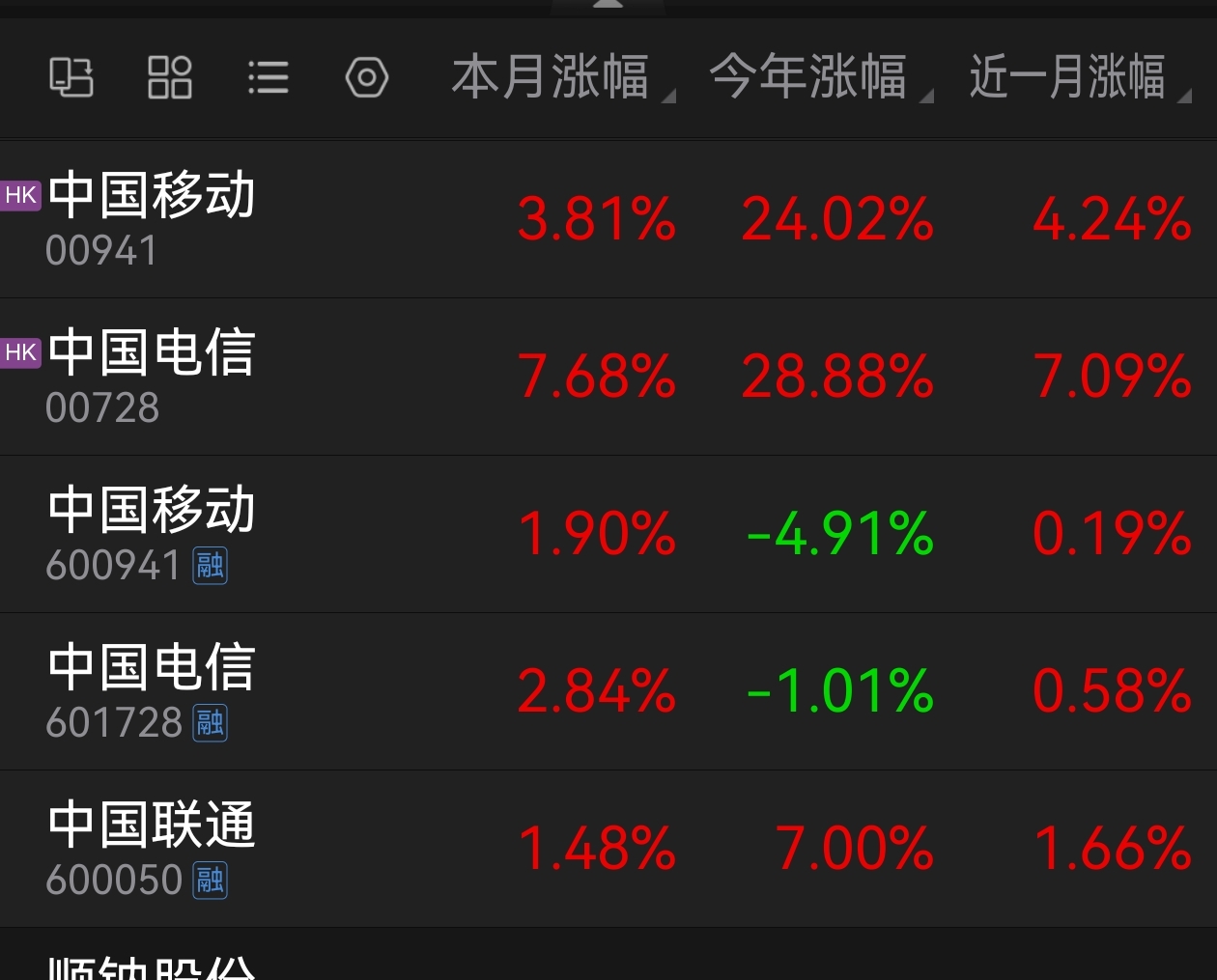 今年电信三兄弟的涨跌幅。
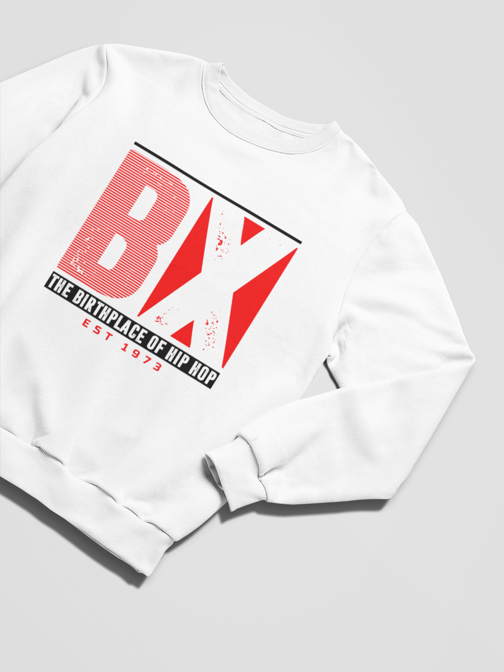 Presenting you with a fantastic piece of hip-hop-inspired apparel, featuring hip-hop icon, BX The Birthplace Of Hip Hop - Sweatshirt - 5 Colors. A slick, high-quality, regular-fit, sweatshirt, easily washable and designed for your absolute comfort. Always in fashion, this exceptional sweatshirt has proved to be a timeless classic and is the perfect solution on those "not know what to wear days. The heavyweight fabric makes this item a versatile must-own for every season — it's not too light for chilly days, and not too heavy for the warmer ones — it's just right. Available in five really cool colors, and made to give your outfit that really dope old-school hip-hop look.
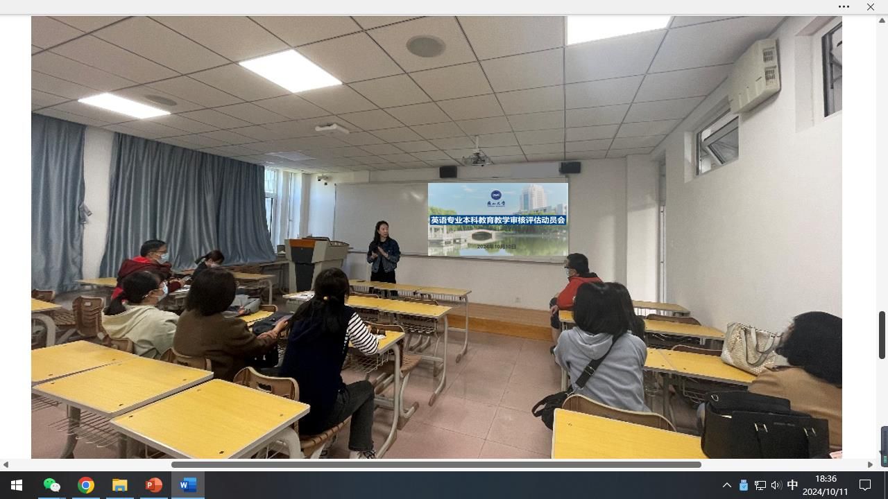 最后,英语系主任张颖总结了会议内容,并对教师们在评估前的学习和准备提出了期望。她指出,本次审核评估不仅是对英语专业教学质量的一次全面检验,更是推动教师专业成长的重要契机。她鼓励全体教师以此次评估为动力,通过学习审核要求和优化教学方法,进一步提升教学水平。张颖主任还号召教师们在接下来的工作中继续深入学习评估文件,积极参与备评准备,确保审核顺利通过,推动学院教学质量的提升与发展。
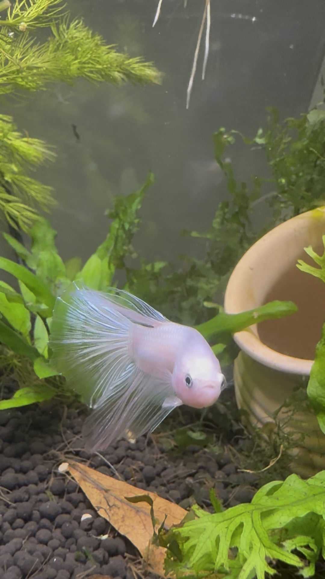 This is a new betta fish I picked up, he’s got a pearl color body and transparent fins, I’m thinking he’ll be a platinum white betta fish but what are your thoughts? https://v.redd.it/y0nr9wmpjjxg1 Posted by QueenAwakened
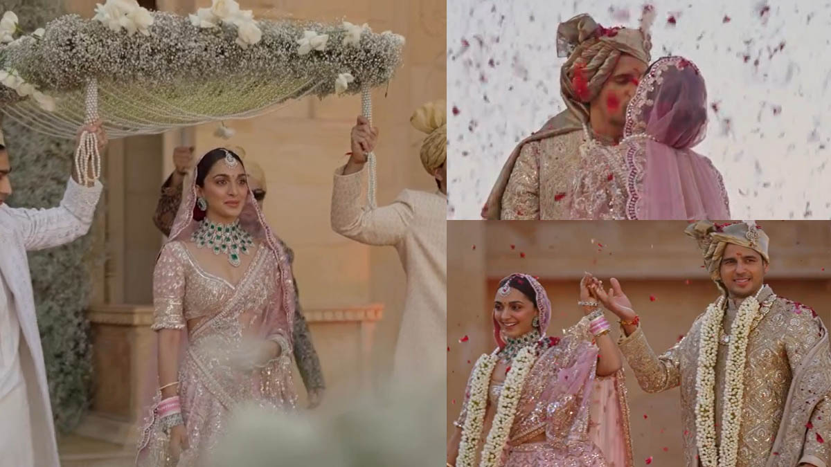 वीडियो के शुरुआत में आप देखेंगे कि कियारा आडवाणी गुलाबी लहंगे में फूलों की चादर के नीचे चलते हुए स्टेज की ओर बढ़ती हैं। वहीं, सिद्धार्थ स्टेज पर उनका इंतजार कर रहे होते हैं। कियारा आडवाणी कुछ ही पलों में सज-धजकर डांस करते हुए स्टेज पर एंट्री मारती हैं। दूल्हे को रूप में देख इशारों ही इशारों में वो सिद्धार्थ से कहती हैं कि, वो अच्छे लग रहे हैं।
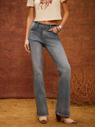 women WESTFADE Mid Rise Western Horseshoe Embroidered Back Pocket Applique Fitted Bootcut Cowgirl Denim Jeans
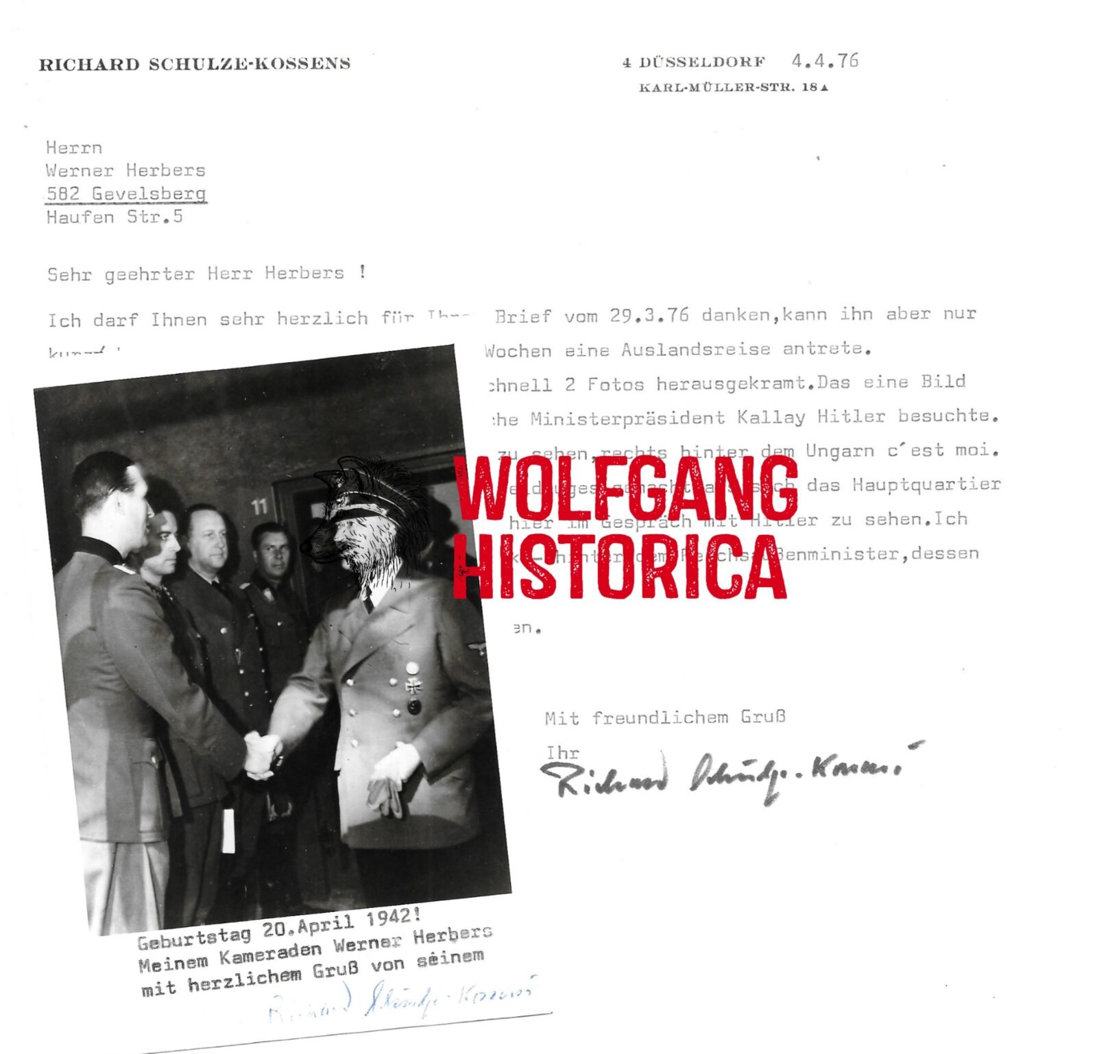Original Scarce Postwar Signature on a Postwar Photo & Letter of Richard Schulze-Kossens. SS-Obersturmbannführer Richard Schulze-Kossens (02.10.1914 † 03.07.1988) earned the Deutsches Kreuz in Gold on December 26, 1941 as SS-Hauptsturmführer with the 2. Kompanie/ “Leibstandarte-SS Adolf Hitler”. He also later served as the Personal Adjutant of Adolf Hitler; the SS-Panzer-Grenadier-Regiment 25 of the 12. SS-Panzer-Division “Hitlerjugend” and as Kommandeur of 38. SS-Grenadier-Division “Nibelungen“.

——

TASK BRIEF
Within the listing above, the lines from the one with "最后,英语系主任张颖总结了会" through the one with "This is a new" are to be given again word for word. Do not include pictures.

TASK RESULT
 最后,英语系主任张颖总结了会议内容,并对教师们在评估前的学习和准备提出了期望。她指出,本次审核评估不仅是对英语专业教学质量的一次全面检验,更是推动教师专业成长的重要契机。她鼓励全体教师以此次评估为动力,通过学习审核要求和优化教学方法,进一步提升教学水平。张颖主任还号召教师们在接下来的工作中继续深入学习评估文件,积极参与备评准备,确保审核顺利通过,推动学院教学质量的提升与发展。
 This is a new betta fish I picked up, he’s got a pearl color body and transparent fins, I’m thinking he’ll be a platinum white betta fish but what are your thoughts? https://v.redd.it/y0nr9wmpjjxg1 Posted by QueenAwakened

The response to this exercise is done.